» WHAT YOU SHOULD DO: Your reply should be an exact copy of every entry, with the pictures removed.

» DATA UNDER STUDY:
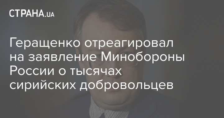 Геращенко отреагировал на заявление Минобороны России о тысячах сирийских добровольцев
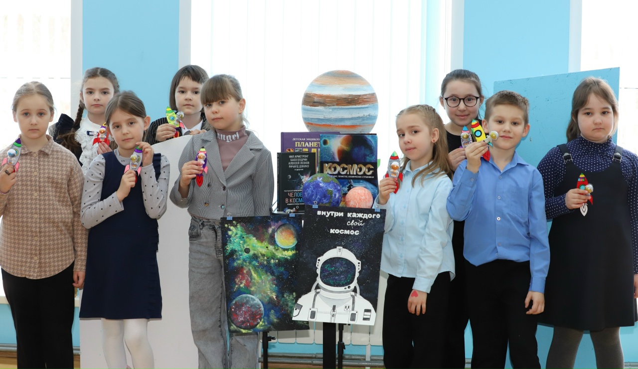 🔹 Сначала ребята приняли участие в интерактивной викторине о космосе. Школьники отвечали на вопросы о планетах, звёздах, первом космонавте Юрии Гагарине и его легендарном полёте. Дети показали отличные знания!
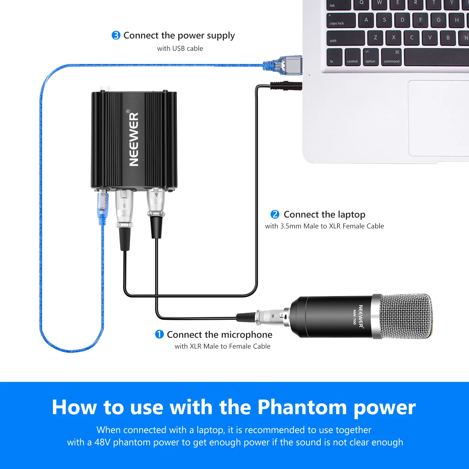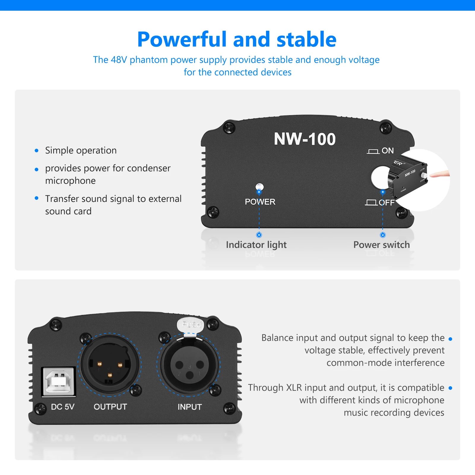 48 в USB фантомный источник питания: он обеспечивает надежное 48 В фантомное питание непосредственно от usb-кабеля для конденсаторных микрофонов и передачи звукового сигнала на звуковую карту точно и полностью; имеет одноканальный блок с сбалансированными микрофонными входами и выходами для подключения в линии с вашим микрофоном и микшером; Совместим со всеми видами микрофона и оборудования для записи музыки
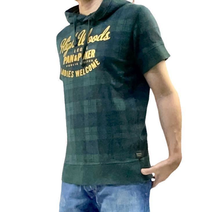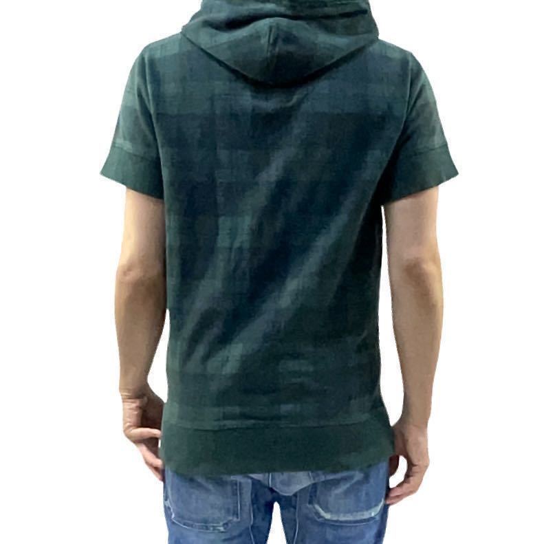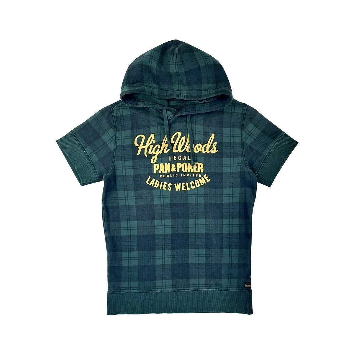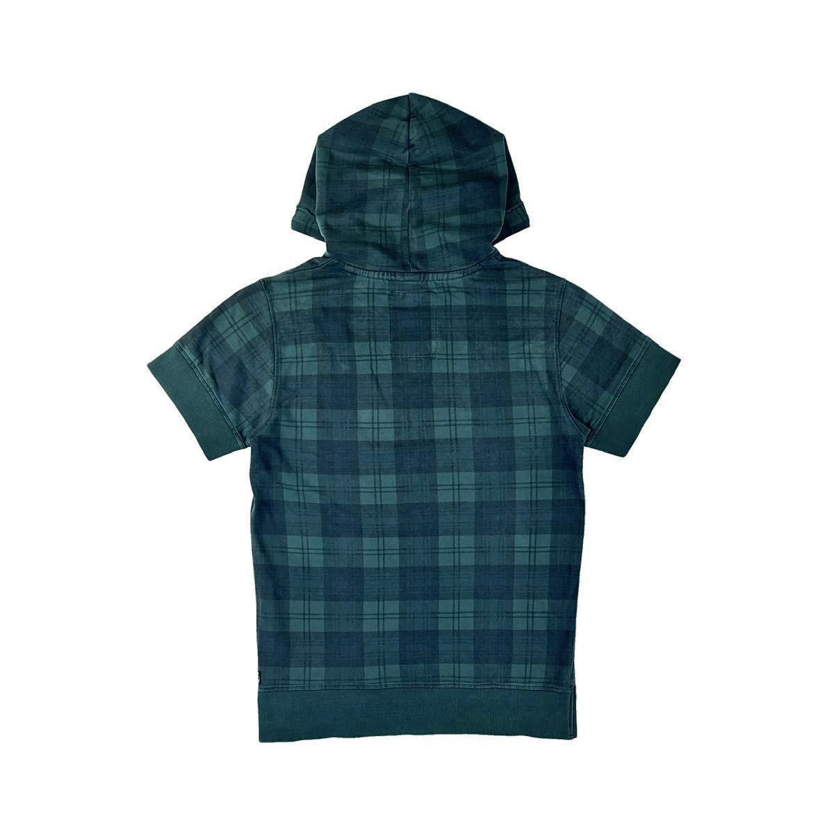 深みのある色味のチェック地にイエローのカッティングプリントのコントラスト配色がキャッチーな半袖パーカー。
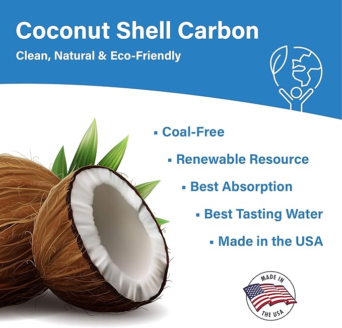 - COAL-FREE, PLANET-FRIENDLY CARBON: Our filters are made from coconut shell, a sustainable, renewable resource that actually works better than coal at removing bad odors and chemicals from your water.

» RESULT FOR THIS TASK:
 Геращенко отреагировал на заявление Минобороны России о тысячах сирийских добровольцев
 🔹 Сначала ребята приняли участие в интерактивной викторине о космосе. Школьники отвечали на вопросы о планетах, звёздах, первом космонавте Юрии Гагарине и его легендарном полёте. Дети показали отличные знания!
 48 в USB фантомный источник питания: он обеспечивает надежное 48 В фантомное питание непосредственно от usb-кабеля для конденсаторных микрофонов и передачи звукового сигнала на звуковую карту точно и полностью; имеет одноканальный блок с сбалансированными микрофонными входами и выходами для подключения в линии с вашим микрофоном и микшером; Совместим со всеми видами микрофона и оборудования для записи музыки
 深みのある色味のチェック地にイエローのカッティングプリントのコントラスト配色がキャッチーな半袖パーカー。
 - COAL-FREE, PLANET-FRIENDLY CARBON: Our filters are made from coconut shell, a sustainable, renewable resource that actually works better than coal at removing bad odors and chemicals from your water.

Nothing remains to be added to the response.